Прежде, чем приступать к анализу места и роли административного аппарата в истории колонизации Дальнего Востока России и Северо-Востока Китая, необходимо определиться с термином «административный ресурс». При этом нужно учесть, во-первых, что сам термин, появившийся в XX веке, носит неоднозначную и даже негативную окраску, во-вторых – использование подобной терминологии для истории XVIIXIX вв. носит достаточно условный, и даже спорный характер.

Чем объясняется попытка привнесения в исторический анализ современных аллюзий? Прежде всего, обратим внимание на вторую часть словосочетания, то есть «ресурс». В словаре Ожегова под ресурсом понимаются: 1. Запасы, источники чего-нибудь; 2. Средство, к которому обращаются в необходимом случае [13].

Именно последнее определение и представляет для нас особый интерес.

Теперь определимся с термином «администрация».

Согласно социологическому словарю, под ней понимается:

1. Иерархия организационных единиц, включающая в себя должностных лиц управления;

2. Процесс принятия и осуществления управленческих решений;

3. Деятельность государства по управлению; совокупность государственных органов, осуществляющих функции управления [12] .

В данном случае нас интересует второе определение.

Таким образом, можно выстроить определенную логическую конструкцию: «Административный ресурс» - необходимые в данном, конкретном случае средства по принятию и реализации управленческих решений. При этом нужно отметить их экстраординальный, неконвенциональный характер. Именно такое определение коррелирует с характеристикой исследователя управленческих методов А. Е. Чуклинова:

Административный ресурс — это система управленческих методов и средств, реализуемых должностными лицами и государственными органами в целях, противоречащих базовым принципам государственной службы.

Есть и другой вариант:

Административный ресурс – это использование должностными лицами или государственными органами исполнительной ветви власти легальных властных полномочий с целью получения дополнительных возможностей и гарантий в процессе реализации своих политических интересов [14].

Оставим в стороне споры о легитимности тех или иных методов политического администрирования, и выделим главный итог: административный ресурс, зачастую обусловленный личными качествами и интересами того или иного представителя государственных структур, используется в экстраординальных случаях, под личную ответственность, и носит в значительной степени неформальный, неконвенциональный характер.

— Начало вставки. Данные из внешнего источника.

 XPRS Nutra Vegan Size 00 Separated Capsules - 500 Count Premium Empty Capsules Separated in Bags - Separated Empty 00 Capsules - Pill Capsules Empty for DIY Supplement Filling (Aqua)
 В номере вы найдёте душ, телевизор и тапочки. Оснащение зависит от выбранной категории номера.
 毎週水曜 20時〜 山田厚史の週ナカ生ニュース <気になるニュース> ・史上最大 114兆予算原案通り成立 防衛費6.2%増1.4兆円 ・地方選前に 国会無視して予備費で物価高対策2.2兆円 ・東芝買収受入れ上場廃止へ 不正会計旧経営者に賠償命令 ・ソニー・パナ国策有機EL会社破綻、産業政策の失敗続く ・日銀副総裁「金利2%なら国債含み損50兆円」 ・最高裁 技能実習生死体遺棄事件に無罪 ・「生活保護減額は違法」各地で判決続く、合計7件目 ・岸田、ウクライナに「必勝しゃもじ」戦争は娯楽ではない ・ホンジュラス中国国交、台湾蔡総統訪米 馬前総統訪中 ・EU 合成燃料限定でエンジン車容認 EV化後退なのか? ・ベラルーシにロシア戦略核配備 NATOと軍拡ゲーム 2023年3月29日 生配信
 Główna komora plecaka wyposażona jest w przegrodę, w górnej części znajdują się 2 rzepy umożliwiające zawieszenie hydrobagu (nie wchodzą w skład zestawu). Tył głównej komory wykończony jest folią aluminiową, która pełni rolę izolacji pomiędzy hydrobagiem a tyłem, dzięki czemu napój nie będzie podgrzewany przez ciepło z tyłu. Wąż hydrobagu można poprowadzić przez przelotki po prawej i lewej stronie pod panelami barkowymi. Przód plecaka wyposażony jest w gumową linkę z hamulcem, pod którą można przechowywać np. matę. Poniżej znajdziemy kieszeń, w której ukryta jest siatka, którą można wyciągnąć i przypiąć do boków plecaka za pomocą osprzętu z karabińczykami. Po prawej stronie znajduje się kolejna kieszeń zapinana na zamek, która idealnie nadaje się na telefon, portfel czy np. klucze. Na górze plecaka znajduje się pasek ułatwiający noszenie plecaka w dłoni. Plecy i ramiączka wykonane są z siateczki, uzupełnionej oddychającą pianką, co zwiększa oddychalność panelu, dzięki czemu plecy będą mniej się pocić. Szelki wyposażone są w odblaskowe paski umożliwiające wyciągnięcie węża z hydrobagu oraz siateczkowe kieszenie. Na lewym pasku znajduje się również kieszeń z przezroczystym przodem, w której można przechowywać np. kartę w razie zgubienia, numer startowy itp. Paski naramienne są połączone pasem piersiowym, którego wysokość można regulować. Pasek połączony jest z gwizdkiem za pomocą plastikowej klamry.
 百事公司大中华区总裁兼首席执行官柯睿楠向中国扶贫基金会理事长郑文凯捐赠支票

Теперь попробуем разобраться, в чем необходимость использования такой терминологии для описания истории колонизационных процессов в Приамурье. Одним из самых удачных методологических подходов к изучению подобных процессов, на наш взгляд, является теория «фронтира», предложенная американским классиком Ф. Тернером в 1893 г. на Всемирном историческом конгрессе в Нью-Йорке [8, P.33, 34, 35].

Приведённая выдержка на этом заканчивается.